I’m went on a road trip to San Diego a few weeks ago. When I got there I went straight to the beach for some hard core surfing. It was cloudy, but I ended up having fun anyway.
The thing about surfing is that it really makes you think about waves. Is this next wave worth catching? What about that one? But when I’m just sitting out in the water waiting for a wave, I start thinking about waves themselves.
The question that came to my mind was: why do waves crest as the get closer to the beach? When waves are far from shore, they approximate a sine wave. The amplitude of the wave is the distance away from sea level.
The equation for this wave is D = D_0 + A\sin(\omega t-kx) . D here is depth, and D_0 is sea level. A is the maximum height of the wave, \omega is the angular frequency 2\pi f , t is the time, k is the wave number 2\pi /\lambda , and x is the distance away from shore.
As you can see in that equation, the depth varies with time and distance. The distance here doesn’t really have anything to do with the beach though. What could be causing the waves to break? So I did some research.

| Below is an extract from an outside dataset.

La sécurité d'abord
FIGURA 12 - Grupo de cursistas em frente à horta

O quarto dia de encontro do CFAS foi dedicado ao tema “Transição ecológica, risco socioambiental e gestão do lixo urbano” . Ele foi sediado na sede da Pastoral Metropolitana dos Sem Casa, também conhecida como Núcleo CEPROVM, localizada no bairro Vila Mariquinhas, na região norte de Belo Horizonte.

According to wikipedia, waves on a beach are shock waves. That’s right, just like the shock wave from a plane. These shock waves work slightly differently.
Here’s what happens:
The speed of a wave in water depends on the depth of the water. When a wave is in deep water far from the beach, slight changes in depth due to the wave itself have a tiny effect. When the wave nears the beach, the water is shallower and the wave itself has a larger effect.

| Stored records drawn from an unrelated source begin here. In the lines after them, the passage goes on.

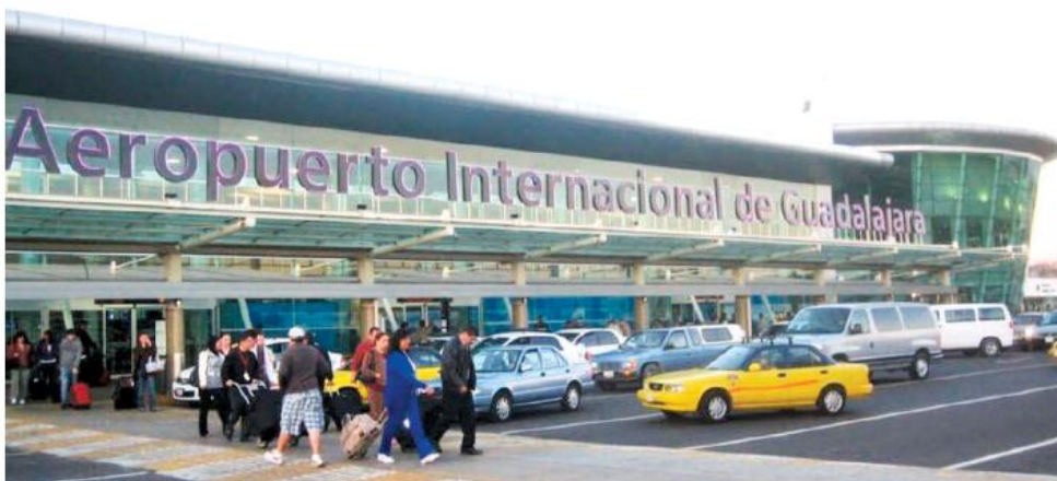
Uno de los detenidos pretendía tomar un vuelo armado con una pistola.
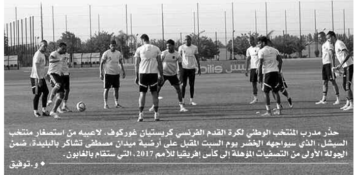
حذر مدرب المنتخب الوطني لكرة القدم الفرنسي كريستيان غوركوف، لاعبيه من استصغار منتخب السيشل، الذي سيواجهه الأخضر يوم السبت المقبل على أرضية ميدان مصطفى تاشكار بالبيدية، ضمن الجولة الأولى من التصفيات المؤهلة إلى كأس إفريقيا للأمم 2017، التي ستقام بالغابون. * وتوفيق
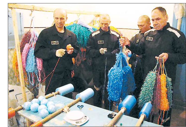
Основное производство в ИК-19 — заготовка и обработка древесины — сейчас испытывает трудности. А «мочалочное» дело процветает
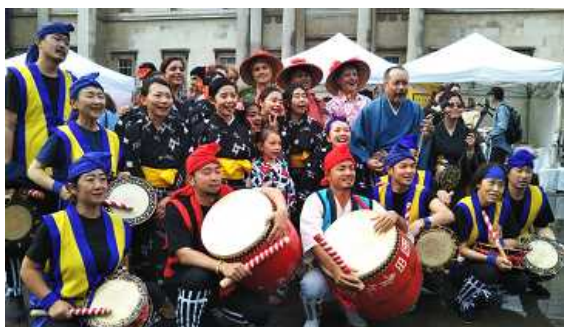
Integrantes mostrándose plenamente satisfechos luego de su actuación
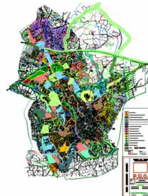
PUC del 2005

Nel Piano Urbanistico Comunale del comune di Oliena è presente la zona A. Il Comune di Oliena è dotato di Piano Particolareggiato approvato con Deliberazione del C.C. n° 32 del 20/11/2001
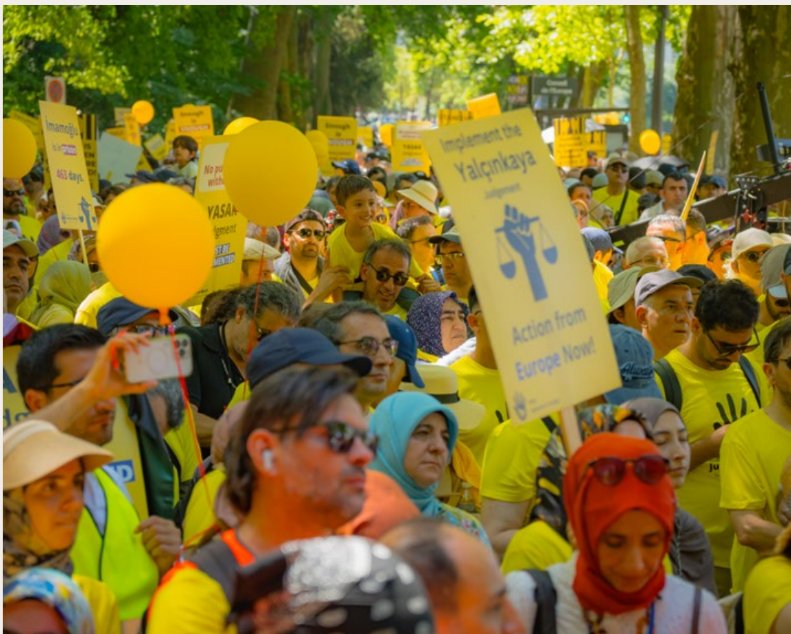
DUIZENDEN GÜLEN-SYMPATHISANTEN DEMONSTREREN IN STRAATSBURG.

Duizenden gülenisten, in gele hesjes, met gele borden en gele ballonnen, demonstreerden woensdag in Straatsburg bij de Raad van Europa. Ze willen dat de Raad meer druk uitoefent op Turkije om alle politieke gevangenen, niet alleen de gülenisten, vrij te laten.
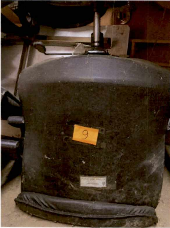
พัสดุรายการที่ ๙
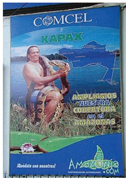
Figura 7. Kápax en la campaña publicitaria Amazonia.com, Leticia. Fotografía del autor, agosto del 2008.

Así mismo, este personaje está en el mural del Parque Central de Leticia —o Parque Santander— (figura 8), donde invita a un indígena a conocer la Selva insinuando que él —Kápax— es su dueño. Se infiere de esta representación que el otro personaje —con una guacamaya en su hombro— recibe las enseñanzas sobre la selva que lo circunda y la cual desconoce, gracias a la sabiduría y experiencia del también conocido como el “Tarzán colombiano”.

Near the beach, the peaks of a wave travel faster than the troughs. That means that high points catch up to low points. The wave loses its sinusoidal shape and starts turning into a sawtooth wave, and sawtooth waves have discontinuities. Discontinuities manifest themselves strangely in nature. In this case, they’re manifested as the crests of the wave.
I modeled this by changing the wave number, k as a function of the previous amplitude. Basically, I assumed that the water got shallower as the wave moved to the right. Since I only changed the wave number and left the frequency the same, the speed of the wave changed with amplitude.

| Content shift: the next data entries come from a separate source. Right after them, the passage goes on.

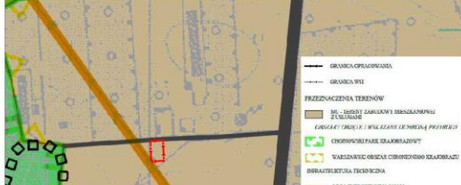
WYRYS ZE STUDYUM UWARUNKWAŃ I KIERUNKÓW ZAGOSPODAROWANIA PRZESTRZENNEGO GMINY PRAŻMÓW
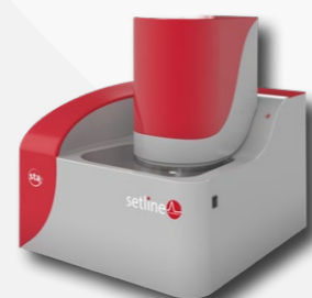
Température ambiante à 1100°C
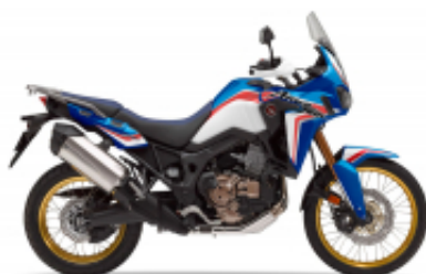
Africa Twin CRF 1000 L + $1,600.00
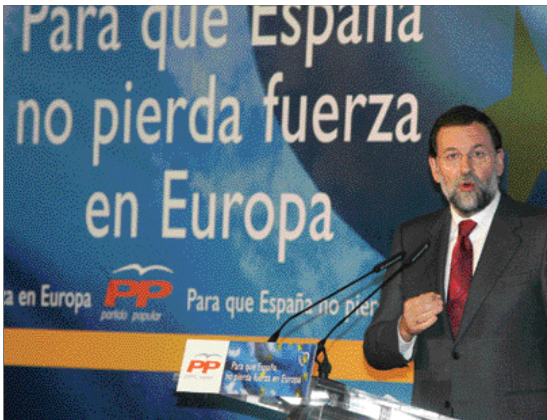
Mariano Rajoy asegura que el PP no dará la espalda a los ciudadanos

Para el líder del PP "España es una nación, lo diga o no el presidente del Gobierno. No hay mas naciones, sino nacionalidades y regiones". Por ello, ha abogado por la defensa de la igualdad de derechos, deberes y oportunidades de todos los españoles y la solidaridad como principio básico de actuación de las

The problem with my approach is that I changed wave speed linearly, and shock waves are by nature a non-linear problem. My model worked well for small changes in the wavespeed, but large changes caused a breakdown that manifested itself as spurious peaks. I could make a better model, but right now I don’t really feel like going through all of the calculus that would require. The KZK equation is for physicists.